*** INPUT FOR THIS TASK

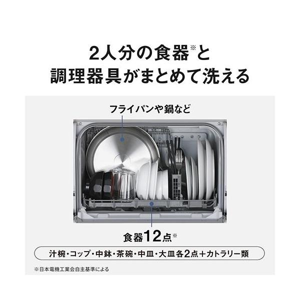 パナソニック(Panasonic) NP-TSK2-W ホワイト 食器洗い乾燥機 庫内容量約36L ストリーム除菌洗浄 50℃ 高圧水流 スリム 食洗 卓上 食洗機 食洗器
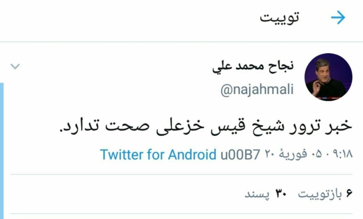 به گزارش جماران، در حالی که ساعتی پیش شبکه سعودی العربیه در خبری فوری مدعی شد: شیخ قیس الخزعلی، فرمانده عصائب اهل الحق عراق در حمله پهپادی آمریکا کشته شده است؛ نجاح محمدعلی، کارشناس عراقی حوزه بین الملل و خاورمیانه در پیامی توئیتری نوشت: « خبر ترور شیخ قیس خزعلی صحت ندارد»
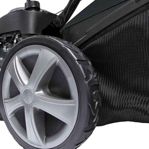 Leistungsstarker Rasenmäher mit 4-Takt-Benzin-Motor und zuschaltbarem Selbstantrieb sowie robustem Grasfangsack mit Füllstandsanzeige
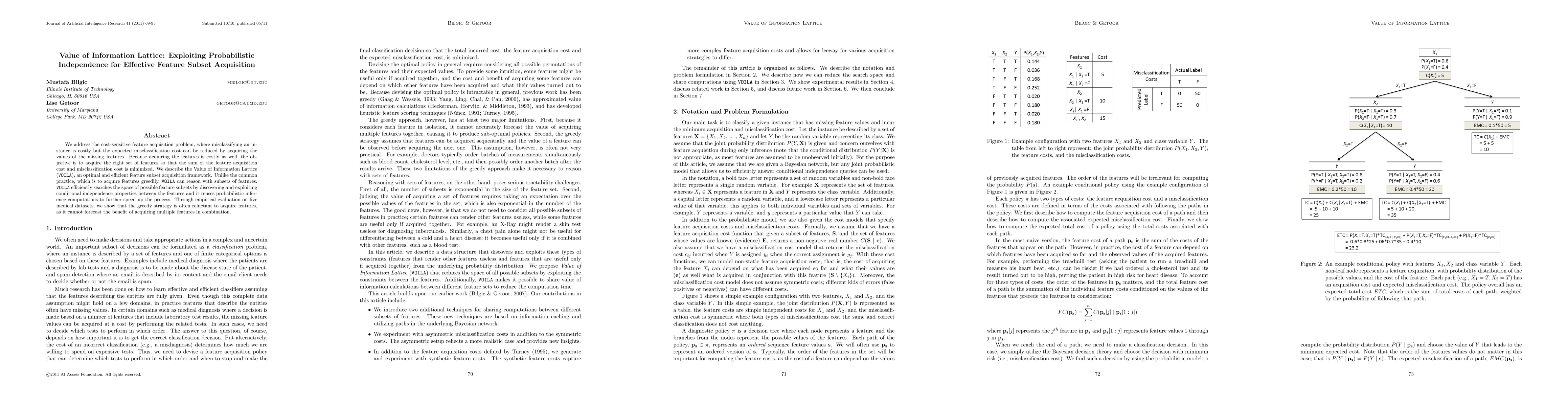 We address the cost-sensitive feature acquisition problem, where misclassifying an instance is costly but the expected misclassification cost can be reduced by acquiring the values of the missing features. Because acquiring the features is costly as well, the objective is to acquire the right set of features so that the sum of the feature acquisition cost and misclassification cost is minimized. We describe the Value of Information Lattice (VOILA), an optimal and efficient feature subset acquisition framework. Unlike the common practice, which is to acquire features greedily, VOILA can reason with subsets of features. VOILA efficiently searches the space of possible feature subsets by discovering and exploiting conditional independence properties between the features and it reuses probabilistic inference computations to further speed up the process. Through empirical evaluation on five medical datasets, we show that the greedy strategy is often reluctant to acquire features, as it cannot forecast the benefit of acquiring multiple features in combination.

******
*** INPUT FOR THIS TASK

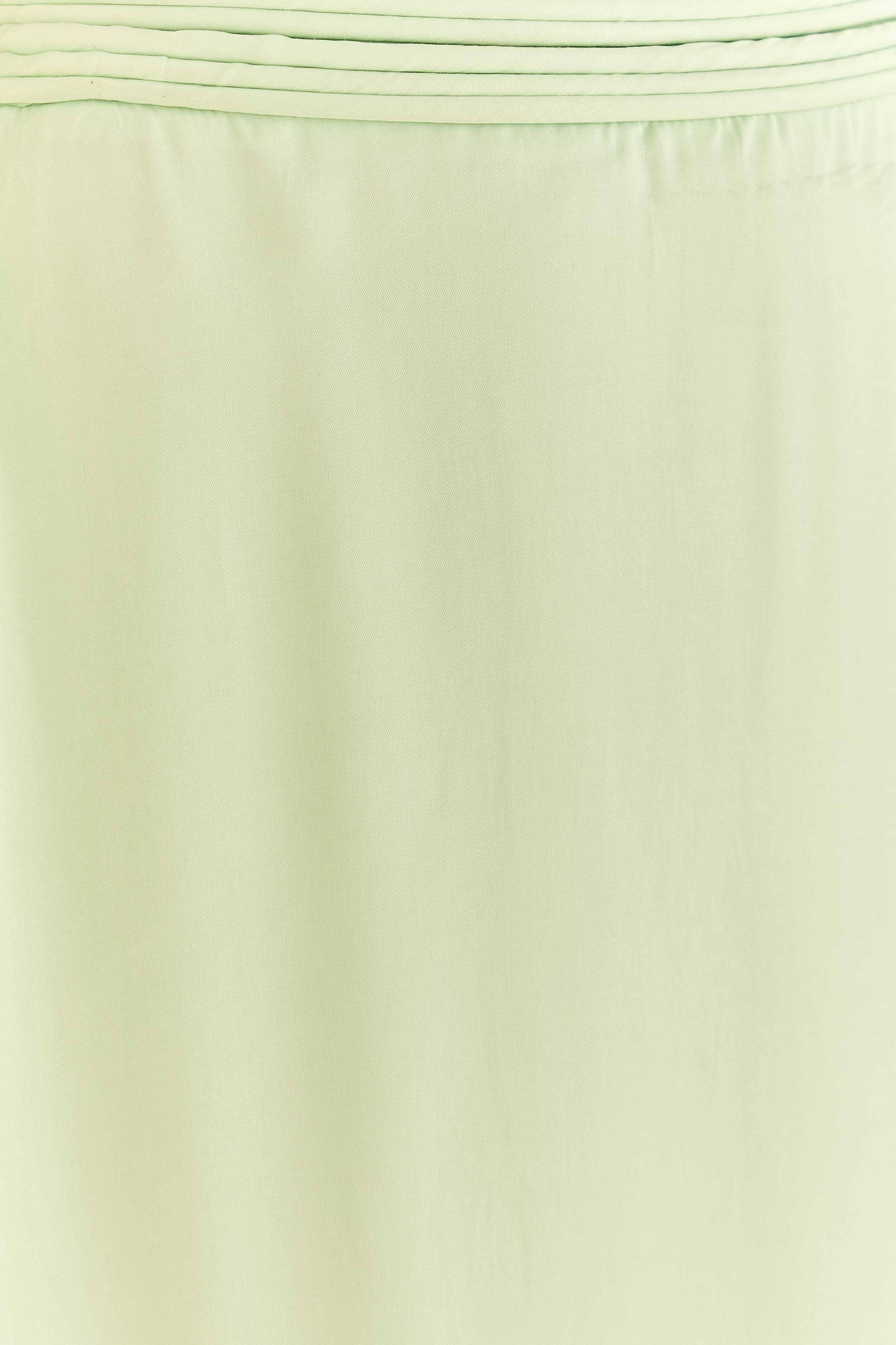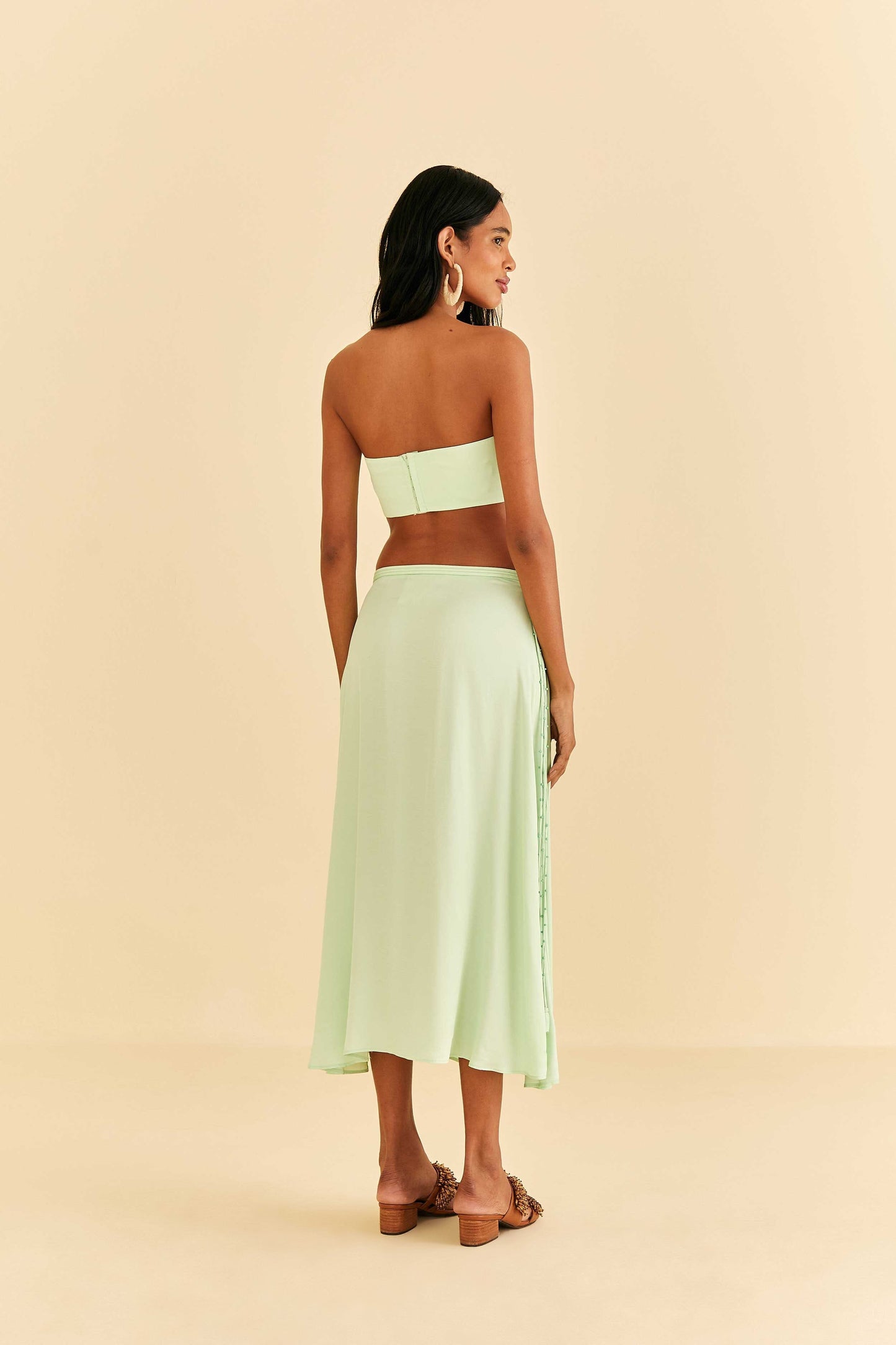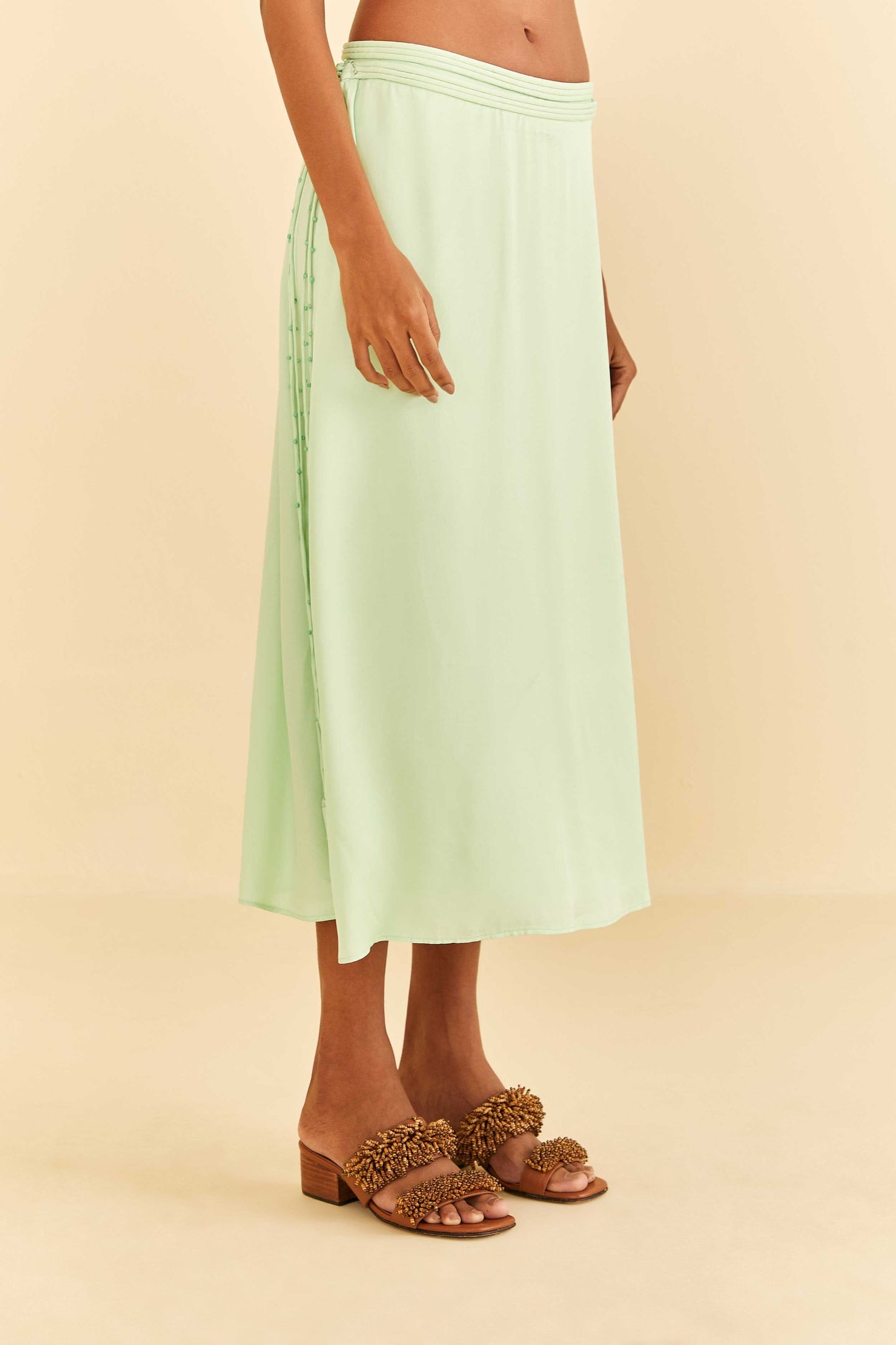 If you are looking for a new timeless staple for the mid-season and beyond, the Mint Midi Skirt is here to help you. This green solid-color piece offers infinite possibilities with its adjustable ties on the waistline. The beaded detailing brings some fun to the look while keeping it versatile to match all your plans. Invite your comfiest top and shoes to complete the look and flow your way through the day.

******

DESCRIPTION OF THE TASK: Output exactly the lines of the listing above that start with the one holding "パナソニック(Panasonic) NP-TSK2-W ホワイト" and go on through the one holding "We address the"; leave the pictures out.

RESPONSE TO THE EXERCISE:
 パナソニック(Panasonic) NP-TSK2-W ホワイト 食器洗い乾燥機 庫内容量約36L ストリーム除菌洗浄 50℃ 高圧水流 スリム 食洗 卓上 食洗機 食洗器
 به گزارش جماران، در حالی که ساعتی پیش شبکه سعودی العربیه در خبری فوری مدعی شد: شیخ قیس الخزعلی، فرمانده عصائب اهل الحق عراق در حمله پهپادی آمریکا کشته شده است؛ نجاح محمدعلی، کارشناس عراقی حوزه بین الملل و خاورمیانه در پیامی توئیتری نوشت: « خبر ترور شیخ قیس خزعلی صحت ندارد»
 Leistungsstarker Rasenmäher mit 4-Takt-Benzin-Motor und zuschaltbarem Selbstantrieb sowie robustem Grasfangsack mit Füllstandsanzeige
 We address the cost-sensitive feature acquisition problem, where misclassifying an instance is costly but the expected misclassification cost can be reduced by acquiring the values of the missing features. Because acquiring the features is costly as well, the objective is to acquire the right set of features so that the sum of the feature acquisition cost and misclassification cost is minimized. We describe the Value of Information Lattice (VOILA), an optimal and efficient feature subset acquisition framework. Unlike the common practice, which is to acquire features greedily, VOILA can reason with subsets of features. VOILA efficiently searches the space of possible feature subsets by discovering and exploiting conditional independence properties between the features and it reuses probabilistic inference computations to further speed up the process. Through empirical evaluation on five medical datasets, we show that the greedy strategy is often reluctant to acquire features, as it cannot forecast the benefit of acquiring multiple features in combination.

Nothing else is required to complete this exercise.